◆ EXERCISE OBJECTIVE ◆
Take the line containing "These socks are" and every line after it to the end of the records, and copy them exactly, leaving out pictures.

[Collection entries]
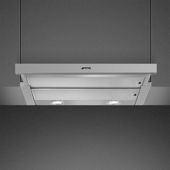 Vestavný odsavač, 60 cm, stříbrný, teleskopický výsuv, 3 stupně výkonu + intenzivní, 2 LED-světla, výkon při stupni intenzivní 647 m3/h, en.třída A
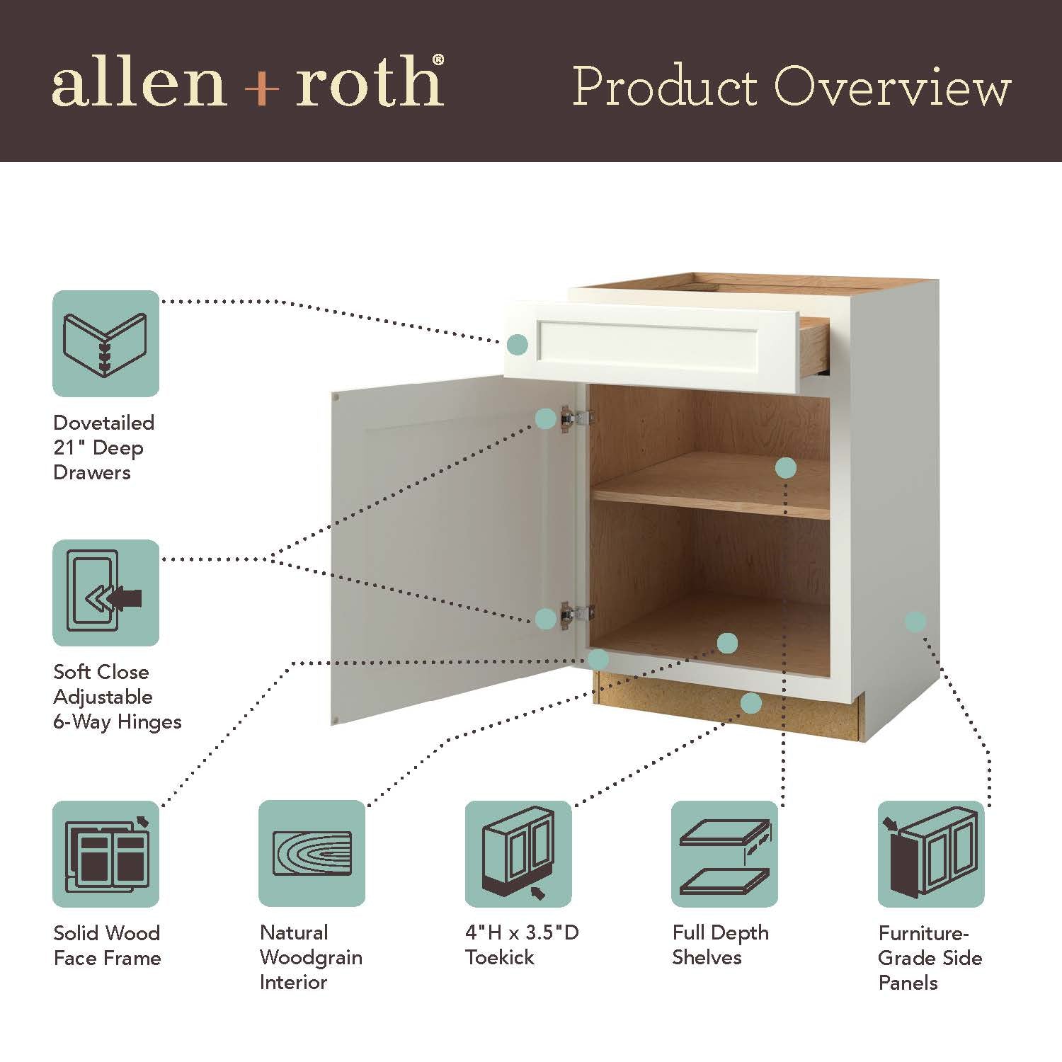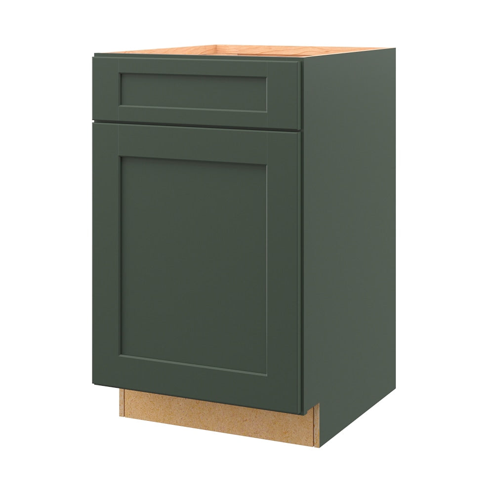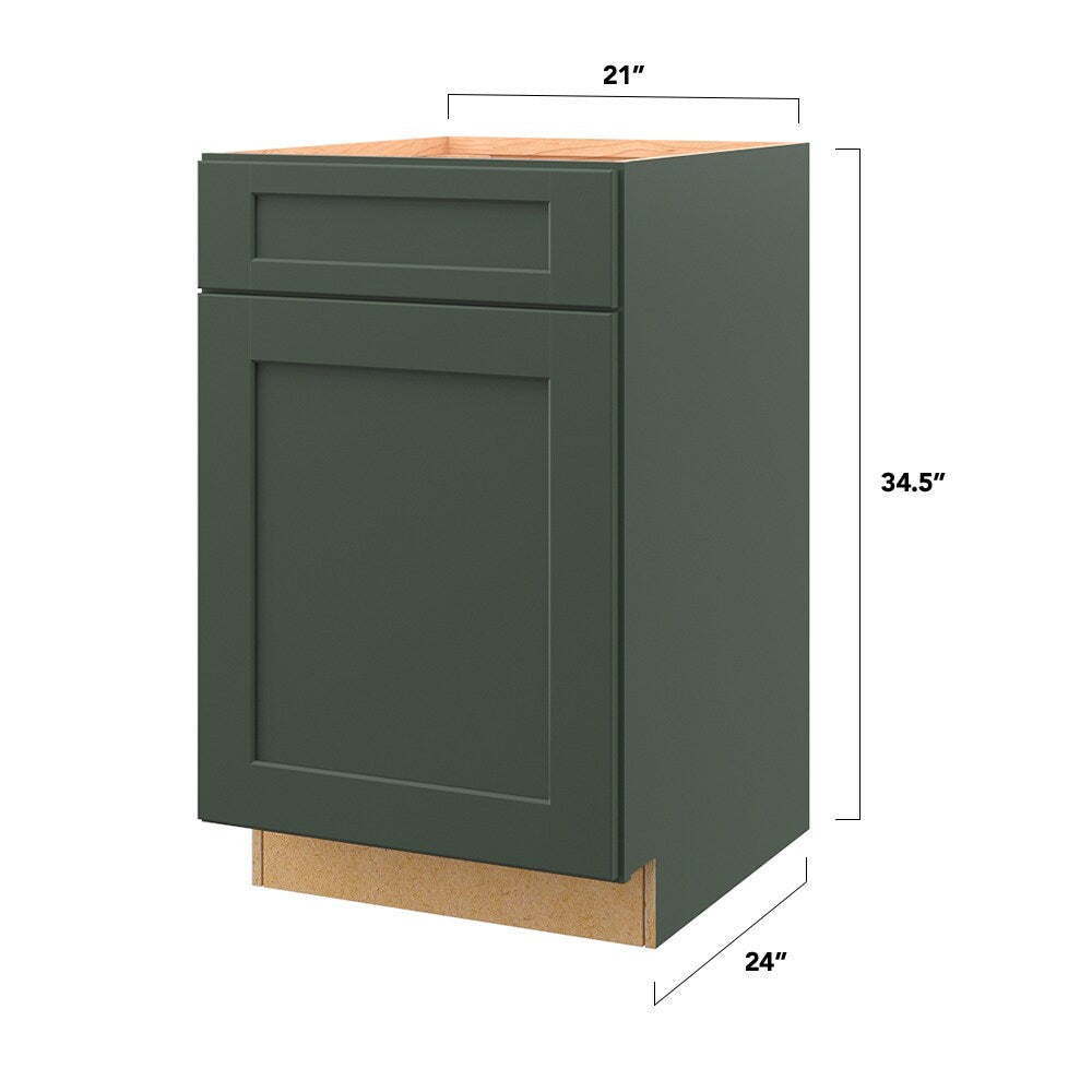 Elevate your kitchen or bathroom with the allen + roth Galway Sage Base Cabinet, a modern interpretation of the classic Shaker style. This fully assembled cabinet offers lasting durability with its blend of hardwoods and engineered materials, finished in an elegant dark sage hue to create a serene, nature-inspired ambience.
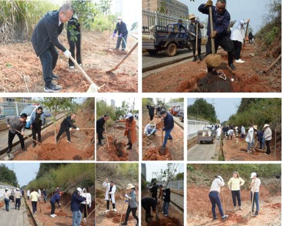活動中,大家利用鋤頭、鐵鍬等工具,挖坑、放樹苗、填土、澆水、培土,相互配合、齊心協力,經過不斷努力,將近百棵樹苗成功栽種,一株株桂花樹幼苗挺拔于春風中,傳遞著黃鶴樓酒的品牌生機與活力。
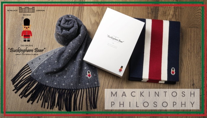 MACKINTOSH PHILOSOPHY(マッキントッシュ フィロソフィー) WEB限定■バッキンガムベアウールマフラーの予約販売をスタート。クリスマスシーズンに嬉しいギフトBOX付き。ーMOONBATー
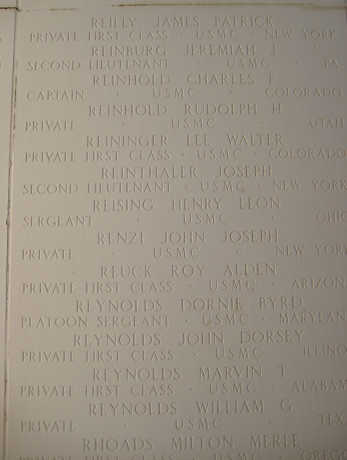 Joseph Reinthaler was born on December 19, 1920, in Queens, Queens County, New York. He served in Company E, 2nd Battalion, 3rd Marine Regiment, 3rd Marine Division as a Second Lieutenant during World War II. He was declared Missing in Action on July 25, 1944, during the Battle for Guam.
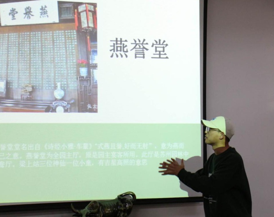 张野分别从拙政园的历史背景、历史变迁、历史地位、山水意境、文化内涵以及植物配置和特色向同学们介绍了拙政园,通过展示视频,带领一众听众感受了拙政园四时各异的风景。吴乐乐通过图片展示了留园的典朴古雅的建筑和秀丽迷人的风景,通过文字分享了团队的观察与思考。她表示,此次实习使他们丰富了理论知识,增强了实践能力,加强了团队协作的能力,增强了环保意识。郭浩浩分享了“假山王国”狮子林,他表示,苏州园林虽有108个园林,但狮子林却是唯一的一座禅意园林。他通过分享真趣亭的小故事、鸳鸯亭的别致建筑、月牙桌的科普知识以及卧云室的别致景观,使在场的师生仿佛走进了这座别致的园林。
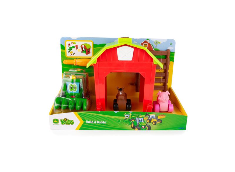 Hračky ze série John Deere Build-a-Buddy přináší na farmu zábavu v podobě rozebírání, montování a opravování! Malé děti se budou skvěle bavit pomocí přiloženého šroubováku, kterým Coreyho rozeberou a pak ho zase složí. Po sestavení má Corey otočná kolečka. Tato sada obsahuje koně a prasátko na kolečkách, kteří si také rádi zahrají! K dispozici je stodola pro zvířata a oplocení. Všechny hračky z řady Build-a-Buddy obsahují vyměnitelné díly, které lze měnit z vozidla na vozidlo.
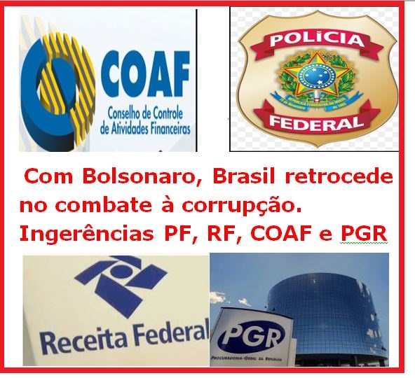 As ingerências de Bolsonaro na PF, na RF, no COAF e na PGR foram divulgadas pela imprensa nos últimos dias. Bolsonaro tenta destruir uma estrutura de fiscalização e de ação do estado brasileiro construída nas últimas duas décadas por pessoas sérias que pensaram o Brasil como algo maior do que o governo que se encontra no poder transitoriamente. Bolsonaro, mesmo como presidente, não tem poderes para acabar com investigações ou fiscalizações. O Brasil ainda é um Estado democrático de direito. Estão querendo tolher os trabalhos de órgãos vitais para o combate à corrupção no país.
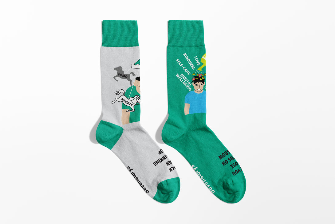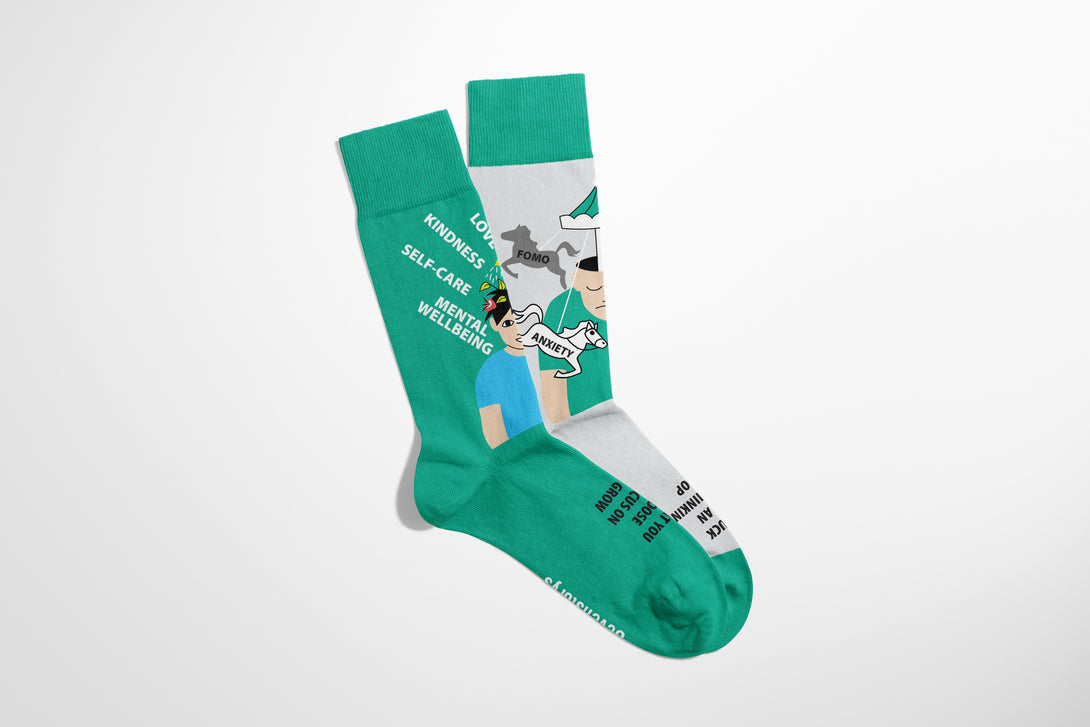 These socks are a reminder to break free from the overthinking loop that can feel like an endless carousel of negative thoughts. When our minds are stuck in cycles of worry and doubt, it can be hard to see a way out.
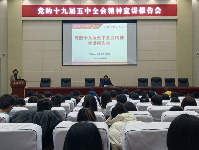 2020年12月3日下午,纪委书记李先锋在学术报告厅为师生作学习贯彻党的十九届五中全会精神专题宣讲暨“形势与政策”专题讲座。纪监审工会党支部全体党员、BV伟德官方网站全体教职工、BV伟德官方网站2018级全体在校员工200余人现场聆听。宣讲会由公司党总支书记贺志军主持。
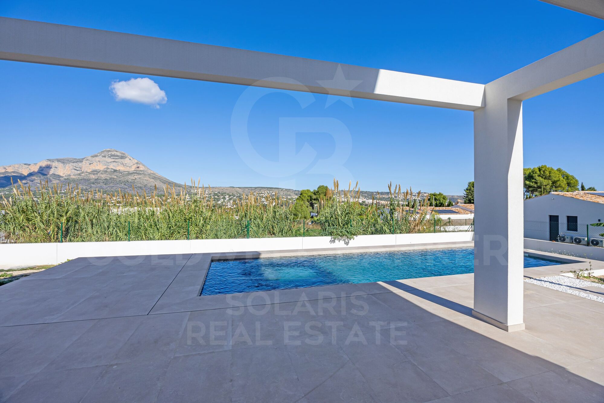 La villa dispose d'une piscine moderne de 4 x 10 mètres, parfaite pour se détendre et profiter du climat méditerranéen. Depuis la terrasse partiellement couverte, vous pourrez profiter d'une vue imprenable sur la montagne du Montgó, créant ainsi une atmosphère extérieure sereine.

◆ OUTPUT BELOW ◆
 These socks are a reminder to break free from the overthinking loop that can feel like an endless carousel of negative thoughts. When our minds are stuck in cycles of worry and doubt, it can be hard to see a way out.
 2020年12月3日下午,纪委书记李先锋在学术报告厅为师生作学习贯彻党的十九届五中全会精神专题宣讲暨“形势与政策”专题讲座。纪监审工会党支部全体党员、BV伟德官方网站全体教职工、BV伟德官方网站2018级全体在校员工200余人现场聆听。宣讲会由公司党总支书记贺志军主持。
 La villa dispose d'une piscine moderne de 4 x 10 mètres, parfaite pour se détendre et profiter du climat méditerranéen. Depuis la terrasse partiellement couverte, vous pourrez profiter d'une vue imprenable sur la montagne du Montgó, créant ainsi une atmosphère extérieure sereine.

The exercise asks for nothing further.